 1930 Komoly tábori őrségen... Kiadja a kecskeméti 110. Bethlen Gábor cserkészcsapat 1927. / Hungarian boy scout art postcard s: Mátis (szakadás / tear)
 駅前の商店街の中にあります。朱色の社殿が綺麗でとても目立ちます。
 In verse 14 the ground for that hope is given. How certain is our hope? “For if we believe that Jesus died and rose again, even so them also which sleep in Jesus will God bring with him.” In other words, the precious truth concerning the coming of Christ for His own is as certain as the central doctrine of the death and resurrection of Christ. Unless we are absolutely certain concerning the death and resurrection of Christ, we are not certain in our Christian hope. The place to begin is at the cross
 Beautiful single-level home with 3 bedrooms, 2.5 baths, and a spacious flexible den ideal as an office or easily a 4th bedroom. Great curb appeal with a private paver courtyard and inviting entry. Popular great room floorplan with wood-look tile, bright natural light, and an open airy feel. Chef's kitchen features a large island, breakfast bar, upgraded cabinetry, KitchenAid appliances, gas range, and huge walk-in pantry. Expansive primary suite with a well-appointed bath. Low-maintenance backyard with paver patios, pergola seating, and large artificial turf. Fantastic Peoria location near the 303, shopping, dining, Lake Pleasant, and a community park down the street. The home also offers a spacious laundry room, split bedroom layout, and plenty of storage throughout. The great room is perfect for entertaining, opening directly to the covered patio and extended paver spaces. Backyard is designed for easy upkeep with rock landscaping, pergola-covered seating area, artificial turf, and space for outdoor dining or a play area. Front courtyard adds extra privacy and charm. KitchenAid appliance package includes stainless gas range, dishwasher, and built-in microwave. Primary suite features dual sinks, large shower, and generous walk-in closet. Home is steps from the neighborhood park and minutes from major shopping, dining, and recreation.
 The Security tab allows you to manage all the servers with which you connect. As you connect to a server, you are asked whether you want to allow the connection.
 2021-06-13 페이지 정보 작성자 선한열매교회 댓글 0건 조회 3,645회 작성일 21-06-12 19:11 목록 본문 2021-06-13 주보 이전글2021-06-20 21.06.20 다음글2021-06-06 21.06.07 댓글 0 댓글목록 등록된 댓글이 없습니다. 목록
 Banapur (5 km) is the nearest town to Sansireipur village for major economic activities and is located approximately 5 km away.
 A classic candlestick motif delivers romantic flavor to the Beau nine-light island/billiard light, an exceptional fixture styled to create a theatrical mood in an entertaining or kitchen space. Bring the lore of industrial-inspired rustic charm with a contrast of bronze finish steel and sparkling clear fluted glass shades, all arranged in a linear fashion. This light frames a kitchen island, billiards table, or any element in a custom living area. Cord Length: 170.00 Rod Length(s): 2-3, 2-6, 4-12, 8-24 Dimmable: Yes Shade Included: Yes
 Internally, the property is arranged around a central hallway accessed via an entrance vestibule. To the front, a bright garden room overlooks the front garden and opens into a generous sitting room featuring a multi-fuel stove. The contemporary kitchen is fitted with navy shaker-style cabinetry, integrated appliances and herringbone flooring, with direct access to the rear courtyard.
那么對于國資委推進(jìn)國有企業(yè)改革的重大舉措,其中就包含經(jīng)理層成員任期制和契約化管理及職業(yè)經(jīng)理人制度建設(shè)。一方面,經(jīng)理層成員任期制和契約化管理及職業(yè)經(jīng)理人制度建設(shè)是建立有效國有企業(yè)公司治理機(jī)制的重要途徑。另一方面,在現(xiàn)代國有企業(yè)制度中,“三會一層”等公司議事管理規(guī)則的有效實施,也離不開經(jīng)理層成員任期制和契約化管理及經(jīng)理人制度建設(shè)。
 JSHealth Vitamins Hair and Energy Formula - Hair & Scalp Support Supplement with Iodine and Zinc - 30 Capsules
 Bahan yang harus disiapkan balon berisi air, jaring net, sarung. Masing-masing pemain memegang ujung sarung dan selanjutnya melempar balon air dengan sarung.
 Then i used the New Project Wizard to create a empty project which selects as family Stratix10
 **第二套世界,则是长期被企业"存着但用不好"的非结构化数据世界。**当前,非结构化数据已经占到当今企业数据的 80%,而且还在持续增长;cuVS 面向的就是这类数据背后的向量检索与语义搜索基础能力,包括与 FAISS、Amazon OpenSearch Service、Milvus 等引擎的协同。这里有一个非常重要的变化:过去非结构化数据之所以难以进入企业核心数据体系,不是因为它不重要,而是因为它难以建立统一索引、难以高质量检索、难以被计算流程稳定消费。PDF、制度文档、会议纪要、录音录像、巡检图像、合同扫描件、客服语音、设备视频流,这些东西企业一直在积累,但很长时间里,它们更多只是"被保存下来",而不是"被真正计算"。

━━━━━━━━

— What to produce —
Copy out every record exactly.

— Task response —
 1930 Komoly tábori őrségen... Kiadja a kecskeméti 110. Bethlen Gábor cserkészcsapat 1927. / Hungarian boy scout art postcard s: Mátis (szakadás / tear)
 駅前の商店街の中にあります。朱色の社殿が綺麗でとても目立ちます。
 In verse 14 the ground for that hope is given. How certain is our hope? “For if we believe that Jesus died and rose again, even so them also which sleep in Jesus will God bring with him.” In other words, the precious truth concerning the coming of Christ for His own is as certain as the central doctrine of the death and resurrection of Christ. Unless we are absolutely certain concerning the death and resurrection of Christ, we are not certain in our Christian hope. The place to begin is at the cross
 Beautiful single-level home with 3 bedrooms, 2.5 baths, and a spacious flexible den ideal as an office or easily a 4th bedroom. Great curb appeal with a private paver courtyard and inviting entry. Popular great room floorplan with wood-look tile, bright natural light, and an open airy feel. Chef's kitchen features a large island, breakfast bar, upgraded cabinetry, KitchenAid appliances, gas range, and huge walk-in pantry. Expansive primary suite with a well-appointed bath. Low-maintenance backyard with paver patios, pergola seating, and large artificial turf. Fantastic Peoria location near the 303, shopping, dining, Lake Pleasant, and a community park down the street. The home also offers a spacious laundry room, split bedroom layout, and plenty of storage throughout. The great room is perfect for entertaining, opening directly to the covered patio and extended paver spaces. Backyard is designed for easy upkeep with rock landscaping, pergola-covered seating area, artificial turf, and space for outdoor dining or a play area. Front courtyard adds extra privacy and charm. KitchenAid appliance package includes stainless gas range, dishwasher, and built-in microwave. Primary suite features dual sinks, large shower, and generous walk-in closet. Home is steps from the neighborhood park and minutes from major shopping, dining, and recreation.
 The Security tab allows you to manage all the servers with which you connect. As you connect to a server, you are asked whether you want to allow the connection.
 2021-06-13 페이지 정보 작성자 선한열매교회 댓글 0건 조회 3,645회 작성일 21-06-12 19:11 목록 본문 2021-06-13 주보 이전글2021-06-20 21.06.20 다음글2021-06-06 21.06.07 댓글 0 댓글목록 등록된 댓글이 없습니다. 목록
 Banapur (5 km) is the nearest town to Sansireipur village for major economic activities and is located approximately 5 km away.
 A classic candlestick motif delivers romantic flavor to the Beau nine-light island/billiard light, an exceptional fixture styled to create a theatrical mood in an entertaining or kitchen space. Bring the lore of industrial-inspired rustic charm with a contrast of bronze finish steel and sparkling clear fluted glass shades, all arranged in a linear fashion. This light frames a kitchen island, billiards table, or any element in a custom living area. Cord Length: 170.00 Rod Length(s): 2-3, 2-6, 4-12, 8-24 Dimmable: Yes Shade Included: Yes
 Internally, the property is arranged around a central hallway accessed via an entrance vestibule. To the front, a bright garden room overlooks the front garden and opens into a generous sitting room featuring a multi-fuel stove. The contemporary kitchen is fitted with navy shaker-style cabinetry, integrated appliances and herringbone flooring, with direct access to the rear courtyard.
那么對于國資委推進(jìn)國有企業(yè)改革的重大舉措,其中就包含經(jīng)理層成員任期制和契約化管理及職業(yè)經(jīng)理人制度建設(shè)。一方面,經(jīng)理層成員任期制和契約化管理及職業(yè)經(jīng)理人制度建設(shè)是建立有效國有企業(yè)公司治理機(jī)制的重要途徑。另一方面,在現(xiàn)代國有企業(yè)制度中,“三會一層”等公司議事管理規(guī)則的有效實施,也離不開經(jīng)理層成員任期制和契約化管理及經(jīng)理人制度建設(shè)。
 JSHealth Vitamins Hair and Energy Formula - Hair & Scalp Support Supplement with Iodine and Zinc - 30 Capsules
 Bahan yang harus disiapkan balon berisi air, jaring net, sarung. Masing-masing pemain memegang ujung sarung dan selanjutnya melempar balon air dengan sarung.
 Then i used the New Project Wizard to create a empty project which selects as family Stratix10
 **第二套世界,则是长期被企业"存着但用不好"的非结构化数据世界。**当前,非结构化数据已经占到当今企业数据的 80%,而且还在持续增长;cuVS 面向的就是这类数据背后的向量检索与语义搜索基础能力,包括与 FAISS、Amazon OpenSearch Service、Milvus 等引擎的协同。这里有一个非常重要的变化:过去非结构化数据之所以难以进入企业核心数据体系,不是因为它不重要,而是因为它难以建立统一索引、难以高质量检索、难以被计算流程稳定消费。PDF、制度文档、会议纪要、录音录像、巡检图像、合同扫描件、客服语音、设备视频流,这些东西企业一直在积累,但很长时间里,它们更多只是"被保存下来",而不是"被真正计算"。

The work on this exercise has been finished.